DC Home Featured in Oprah Magazine Lost in Massive Fire

When we think about someone losing their home to a tornado or to a fire, most of us picture a middle class family in the middle of Kansas, with a few small children, staring blankly at the spot where their home once stood. Toys are strewn on the front lawn and the parents pick through the wreckage to find family photos or a piece of cherished crystal.

But disasters know no bounds and happen just as frequently to the country’s most exclusive neighborhoods – for example the Malibu and Santa Barbara wildfires, or hurricanes that swept through beach front resorts with multimillion dollar mansions. Last year Oprah was nearly in tears on her show, as she spoke to people about the Tea fire, too close for comfort to her own Santa Barbara home. Disaster is disaster and making sure that you, your family and your home are prepared, just in case, is important whether you live on Duluth or in Holmby Hills.

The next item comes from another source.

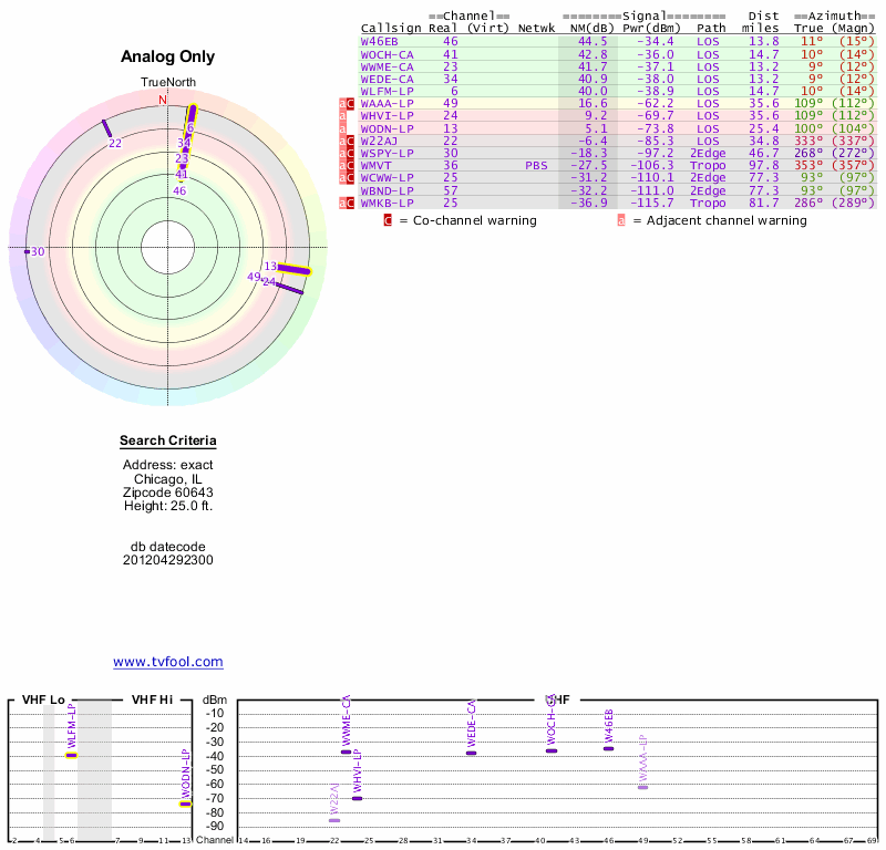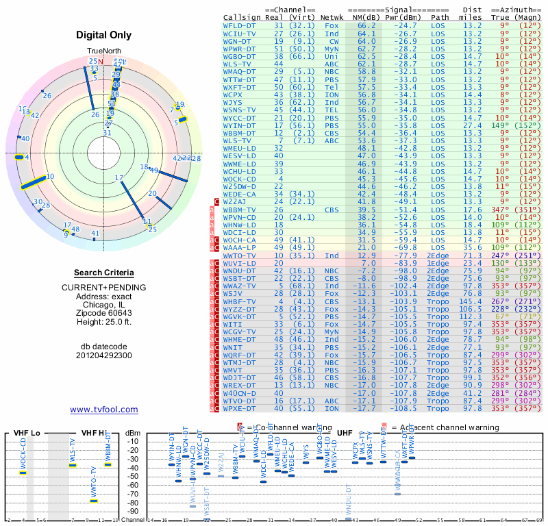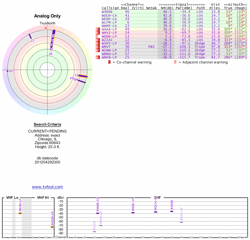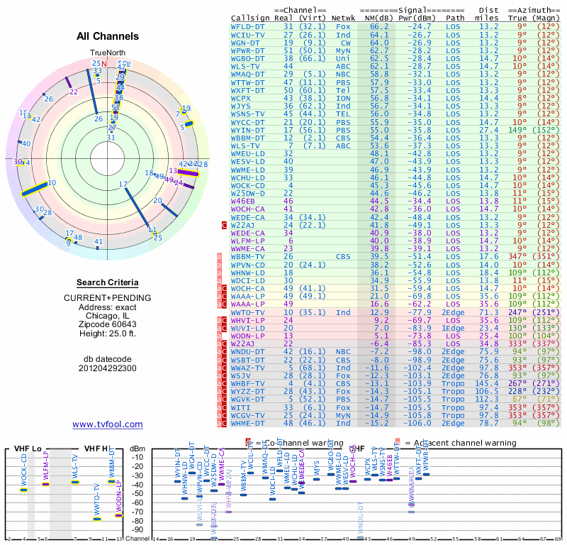 Here are the results for your location. The transmitter database was last updated on June 7, 2013. For more information about these plots and how to interpret them, please check out the Signal Analysis FAQ.
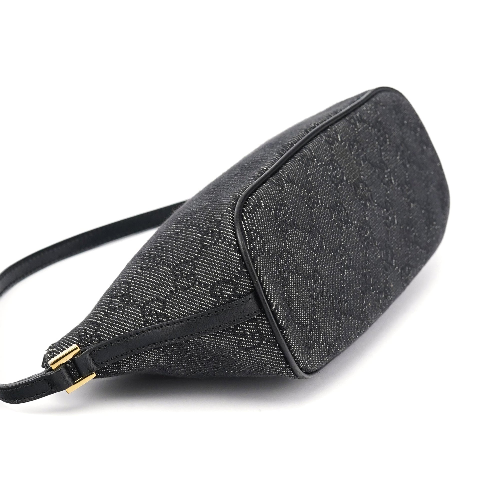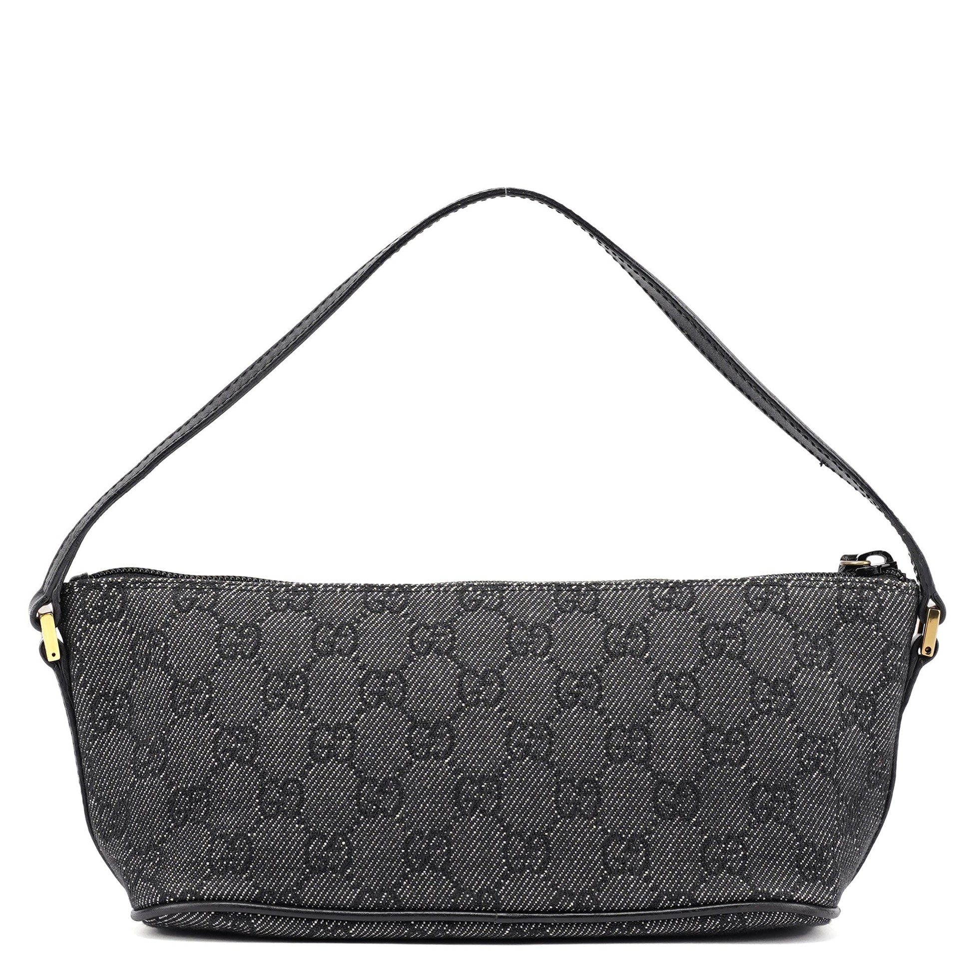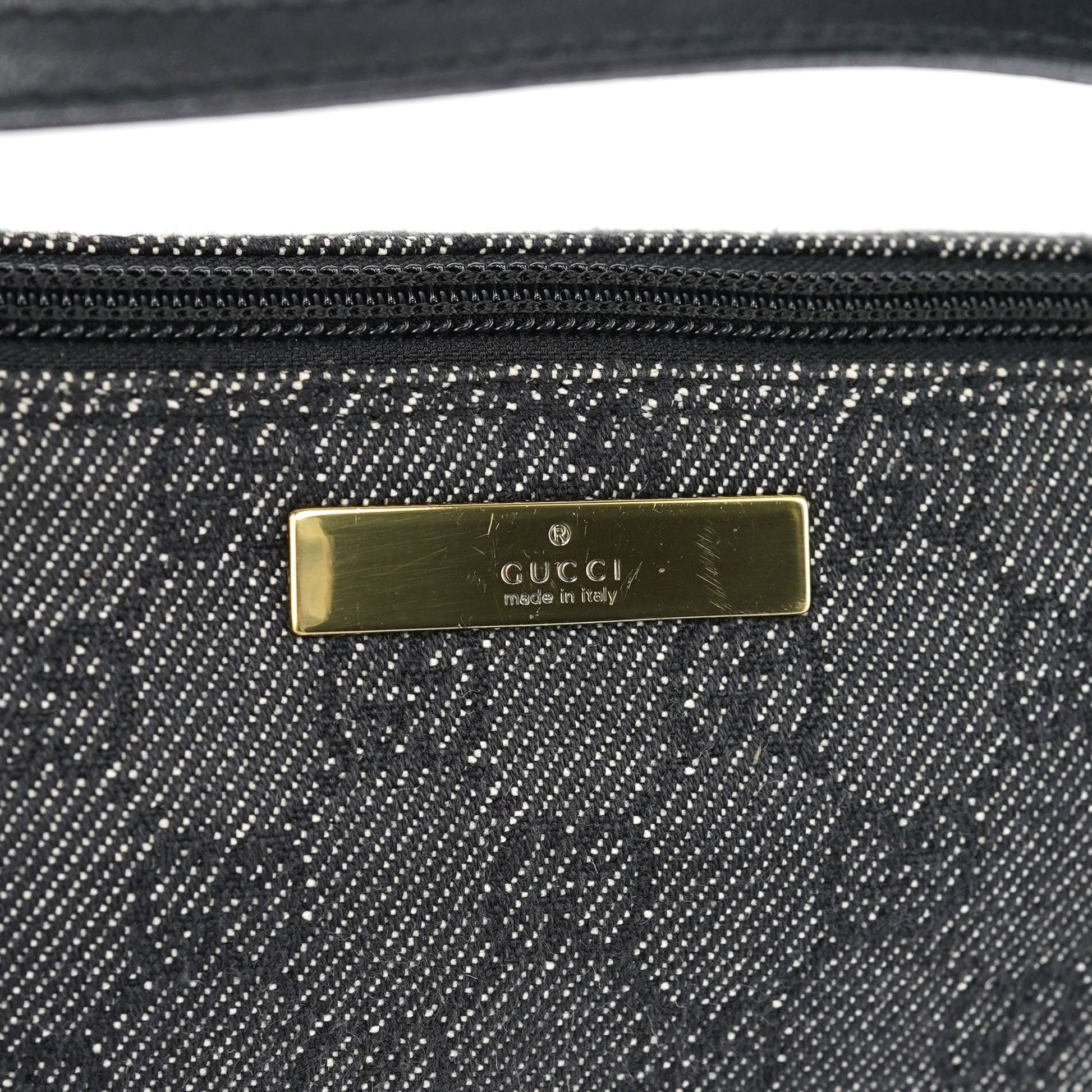 Explore timeless elegance with the Gucci GG Boat Pochette designed by Tom Ford, circa late 1990s. This exquisite piece combines anthracite GG denim with black leather trim and silver-tone hardware. Its secure zip closure and satin-lined interior offer luxury and practicality, while the subtle Gucci plaque adds a touch of heritage. A perfect blend of vintage charm and sophistication.

Case in point. On July 29th, just as the edition of Oprah’s “O Magazine”, featuring art patron Peggy Cooper Cafritz’ incredible DC home hit the newsstands, the house and along with it – her beloved art collection – burned to the ground.

The home, in an older, stately neighborhood of Washington DC is in an area known for its lower water pressure. Speculation is, that the pressure in the fire hydrants wasn’t as strong as it should be and wasn’t enough to save her home or other homes that have caught fire in that area and have met similar fates.

You should definitely read the story about this beautiful home and fascinating woman in this month’s O Magazine. Cathleen Medwick puts it, “Cafritz has not only served on Ellington’s board of directors but over the years taken in teenagers-as many as eight at one time-and re-purposed basement space as bedrooms. She has helped jump-start artistic careers, even as she chaired the D.C. Commission on the Arts and Humanities, headed the D.C. Board of Education, and served as an arts critic on an Emmy-winning program.”

She dedicated her life to the arts, as well as her home and now, the home and the art within is just a memory. What we need to see out of this horrible tragedy is that thinking about disaster planning, or at least what you would do if something like this suddenly occurred, is vital. Of course her beloved art was insured, but it doesn’t replace the art itself. And then there are the memories that must have surrounded her every time she entered her home. Her clothes, the irreplaceable photos of the people she’d met and all of the reminders of the people that she loves.

This is where something as simple as a handwritten evacuation plan can really come in handy. Of course Ms. Cooper-Cafritz wouldn’t have been able to save all of her works of art – but depending on who was there when the fire began and how much time she had, she might have been able to save a few favorites, if they’d been placed strategically near the front door. Or as we advise our customers, she might have been able to scan and upload favorite photos to a personal web site or online file system, or quickly snatch them and her vital information and documents that had been placed on a portable grab and go hard drive.

Loss is difficult no matter how many resources you have. And as we see in this tragic case, even the best neighborhood, tools and security systems, won’t necessarily keep your home and the things that mean the most to you, safe. The secret is taking the time to ask yourself the difficult questions.

If a firefighter knocked on your door right now, and told you that you have ten minutes to evacuate – with the possibility that you won’t be able to get back into your home for days or even weeks, what would you need? What are the things that you can’t live without, or aren’t willing to live without? What vital documents do you need? Names and numbers, financial information would you need to survive for days or weeks without being able to re-enter your home? What would your spouse or children need? What if you have to temporarily relocate, as in the case of the Katrina survivors? What would you need to prove your identity, the fact that you own your home, your vehicles, to enroll your children in a new school or begin a temporary job?

What things do you want to take with? Photos, your grandmother’s china, your vital files on a portable hard drive?

If you don’t have Emergency Action Forms to capture your lists and plans, you can put together your own basic form in Word. Even a handwritten plan that you can easily locate and use when you need it, is better than nothing. And if you’re serious about doing a comprehensive action plan for your family, you can find them on our web site. The point is, it’s much easier to take the time to make a plan now, than trying to remember everything you need to take while running around your house grabbing anything you can, with a firefighter “encouraging” you to move faster than humanly possible. Just remember, like doesn’t come with a pause button. Schedule some time with yourself, and your spouse to get this on paper this week. Then you can put it away, knowing that if you ever need it, you’ll have it.

We wish Ms. Cooper-Cafritz all the best as she begins to put her life back together and hope that she is able to put an even more amazing art collection together in the coming years.